David C. Adams is president and CEO of Global Automakers of Canada, a group representing large international automakers such as Toyota, Volkswagen and Nissan. He said in an interview that while he understood the strategy is largely finished, coming to agreement on its rollout has proven tricky.
“I think there was an expectation that there was going to be something more formal with respect to the national Zero-Emission Vehicle Strategy come out on Monday,” said Adams.
“Information that I’ve received over the last few days is that that’s been a little bit more of a struggle to come to some consensus amongst the federal government and the provinces and territories on that strategy.”

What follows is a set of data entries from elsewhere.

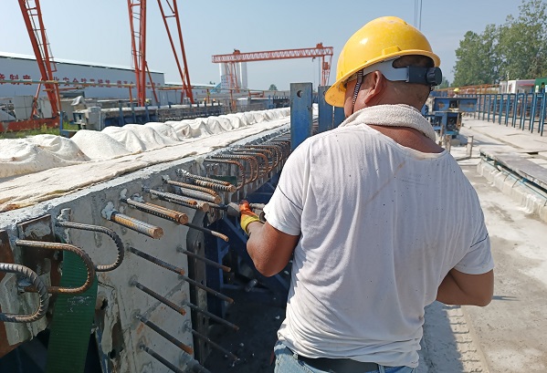 為完成業主下發的節點目標,后場梁板預制班組工人在高溫天氣依然奮斗在一線,進行梁板端面鑿毛處理,逐漸升高的氣溫,時刻都在考驗著施工作業人員。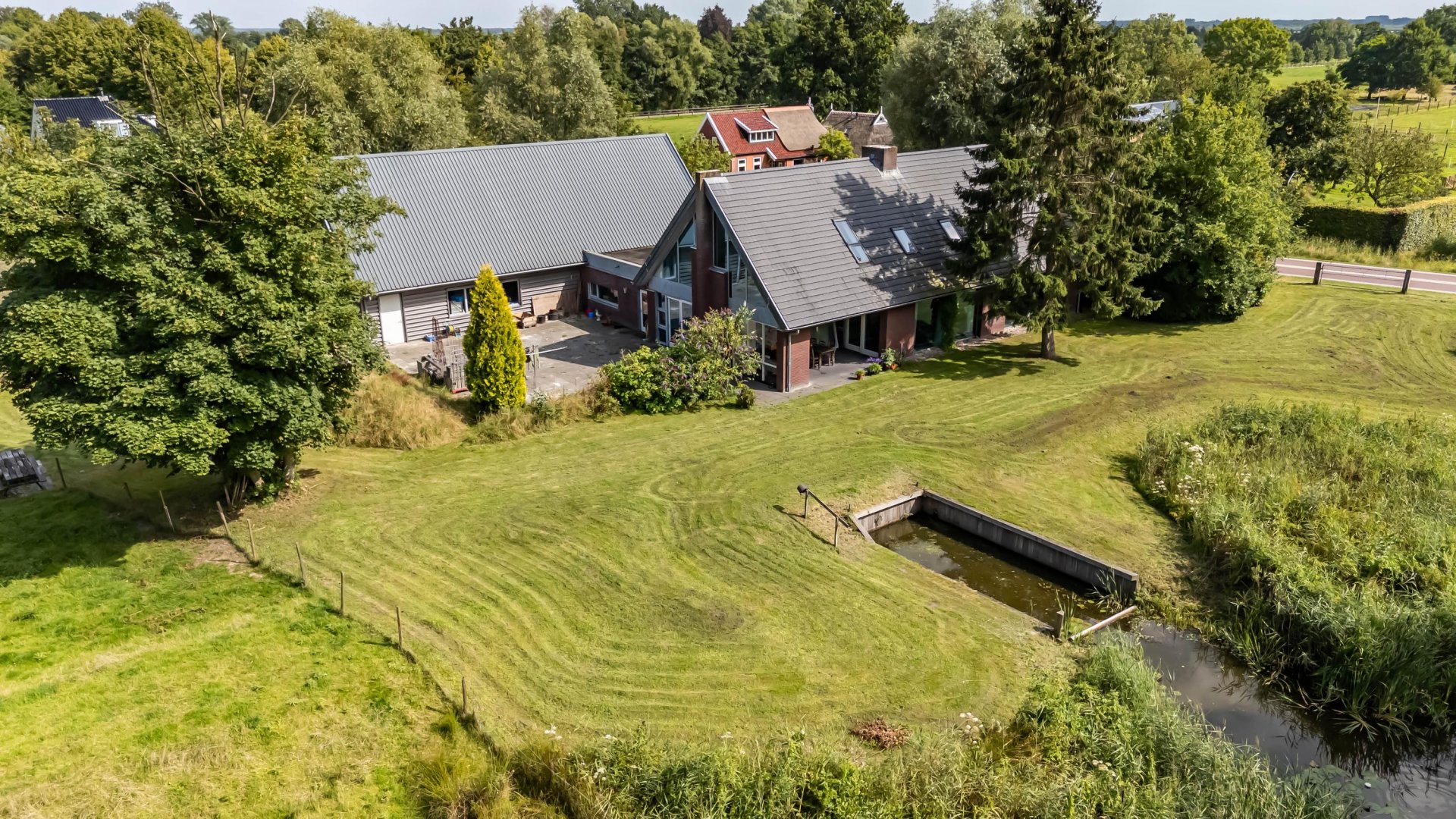 Op een unieke plek, direct aan het Lettelberterdiep met toegang tot het Leekstermeer, staat dit moderne huis met zeer ruime aangebouwde schuur. Het geheel is gelegen op een bijzonder perceel van ruim 14.931 m2 waarbij ruim 1 hectare als natuurgrond is aangemerkt met water.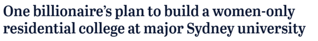 香港亿万富翁向新南威尔士大学捐赠3000万澳元,用于建造一座女性专属住宿学院,这是该校收到的最大一笔用于学生住宿的慈善捐款。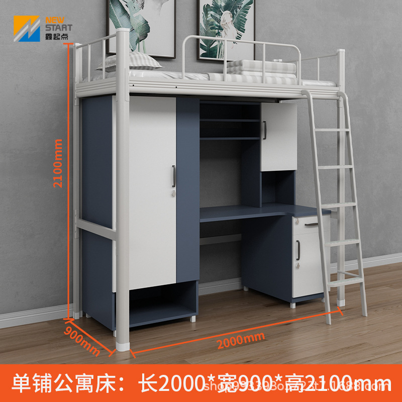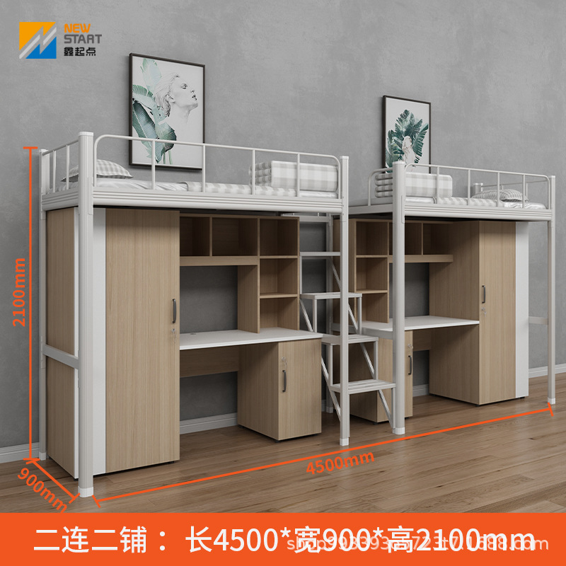 공장 직접 공급 재고 상하 이층 대학생 기숙사 철제 프레임 침대 아파트 침대 기숙사 침대 하부 테이블 조합 침대

Ford threw a wrench in the works
Transportation accounts for roughly a quarter of greenhouse gas emissions in Canada, and the federal climate plan calls for expanding the number of zero-emission vehicles on the roads. Yet, while plug-in electric sales in 2018 more than doubled from 2017, they still only represent 2.2 per cent of all new cars sold.
Sources say Ottawa wants to put something aggressive on the table. That could take the form of an electric vehicle (EV) sales mandate requiring a percentage of sales to be vehicles that don’t emit carbon pollution linked to climate change, or rebates that help lessen the burden of new EV costs for Canadians.
Both those policies are in effect in Quebec and British Columbia. Quebec has had a sales mandate in place for a year, while B.C. plans to introduce one in legislation this spring. Both also have subsidy programs in place.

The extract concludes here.